What is a microloan?

A: Microloans are loans made to small and home-based businesses which are unable to obtain loans through regular channels (banks and investors). Microloans generally range from a few hundred dollars to $40,000, and often are funded in part by the SBA. Economic Development Corporations and Community Development Corporations make most of Maine’s Microloans; your Maine SBDC counselor can help you find a microloan lender.

What are Revolving Loan Funds?

A: A Revolving Loan Fund (RLF) Loan Program is a local economic development program designed to assist area businesses by providing "gap" financing for new business start-up, expansion or retention projects. Gap financing is typically subordinated financing that can be thought of in terms of the "short fall" in equity portion of total project funding required.

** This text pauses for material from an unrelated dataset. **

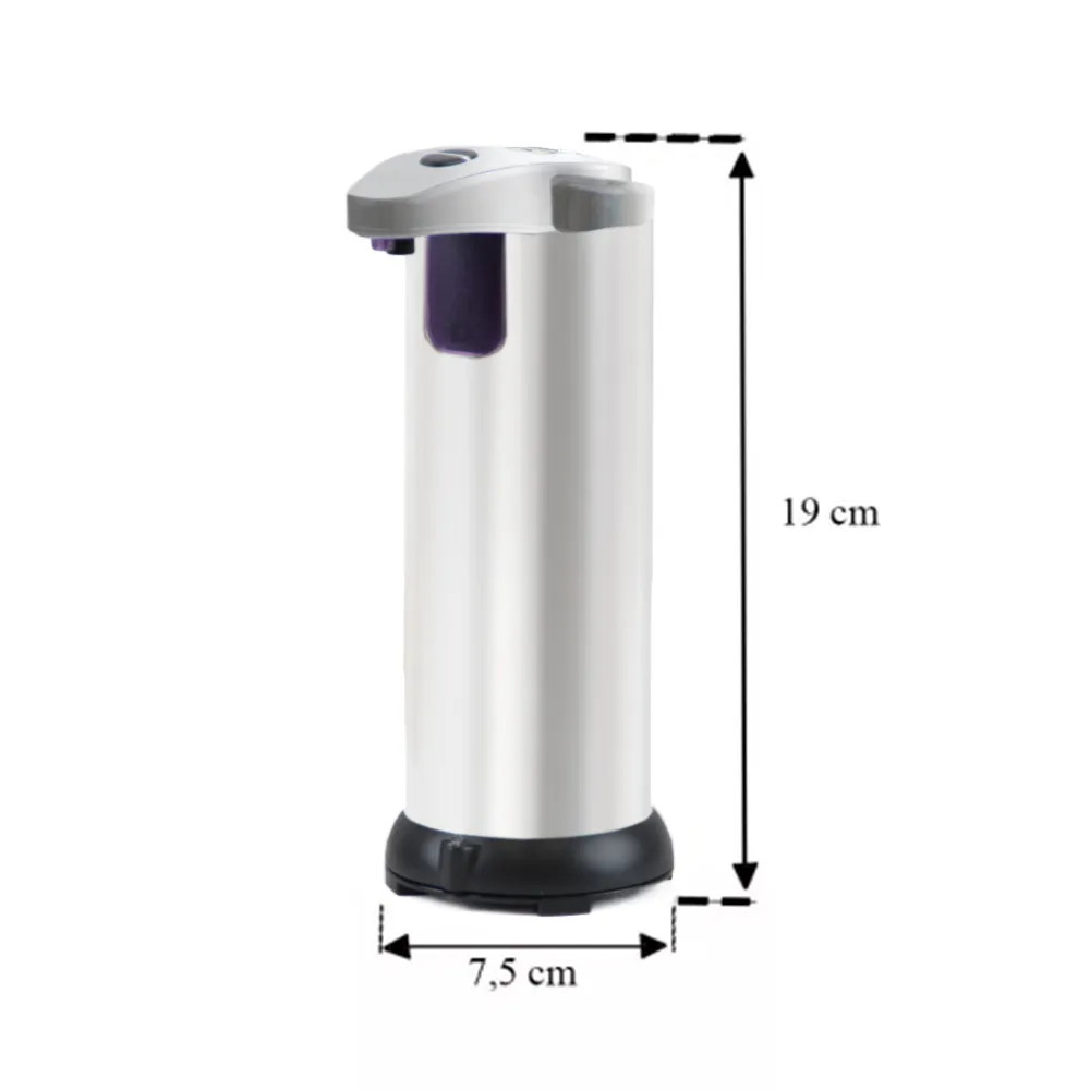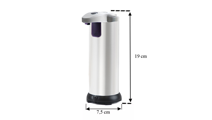 Az adagoló rozsdamentes acélból és műanyagból készült, króm színű. A mérete 7,5 x 12,5 x 19 cm (Szé x Mé x Ma), és egy adagoló kapacitása 220 ml. Az adagoló szabadon álló kialakítása lehetővé teszi a könnyű elhelyezést bármelyik helyiségben. A szappanadagolók használatához 2 db AAA elemre van szükség (nem tartozék).

Through an RLF Loan Program, regional economic development corporations work directly with a local business, its bank lender and community/economic development organization to design a financing package that meets the RLF program guidelines and needs of the business. Many RLF programs in Maine are funded in part by FAME.

How can I get a grant to start or expand my business?

A: Unless your business involves the development of new technology or is a non-profit organization, 99.9% of the time you will be wasting your time looking for a grant.

Will the Maine SBDC lend me money?

A: The Maine SBDC does not have any money to loan but your Maine SBDC Business Counselor will suggest appropriate sources for financing based on your business needs and personal situation.